Four short links: 29 August 2011

Rebooting Manufacturing, Politics, Disney Open Source, and CS Magic

  1. Laptops and Looms — very thoughtful and thought-provoking summary of a UK conference on the kinds of Future of Manufacturing tools and businesses that Make and O’Reilly are into. It’s easy to romanticise the industry of old but much of it was horrible and remains so in the countries where we now outsource many of our manufacturing needs. If we’re to bring manufacturing back to Britain (which I think will gradually happen over the coming decade) we need to think differently about the economics of consumer goods including the jobs created and how to eliminate the environmental impacts. (via BERG London)
  2. Can Government Policies Increase National Long-Run Growth Rates?We obtain time series estimates of the long run growth rates of 17 OECD countries, and test the hypothesis that these are the same across countries. We find that we cannot reject this hypothesis for the first and last three decades of the 20th century. We conclude that: (i) there are few, if any, feasible policies available that have a significant effect on long run growth rates, and; (ii) any policies that can raise national growth rates must be international in scope.
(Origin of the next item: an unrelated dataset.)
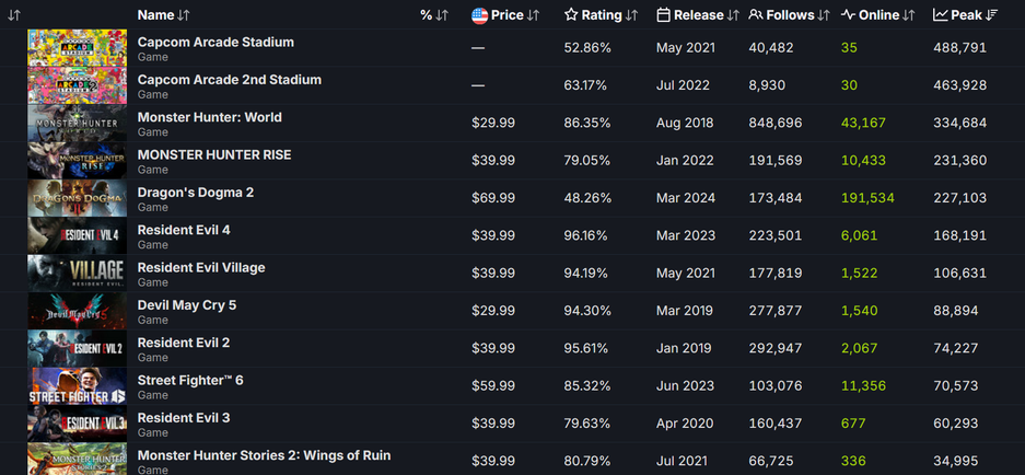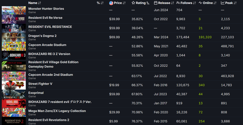 По данным SteamDB, у Dragon's Dogma 2 худший рейтинг среди одиночных игр Capcom — хуже лишь пара мультиплеерных продуктов Resident Evil Re:Verse и Resident Evil Resistance

The results therefore have bleak implications for the ability of countries to affect their long run growth rates. Data-informed policy analysis for the despair. (via Jez Weston)
  3. Walt Disney’s Open Source — texture mapping, library for particle formats, and Python unit test generator, among other things. (via Brenda Wallace)
  4. The Magic of Computer Science — magic tricks and illusions that are informed by computer science. It’s a hook into teaching computer science principles, along the lines of the excellent CS Unplugged.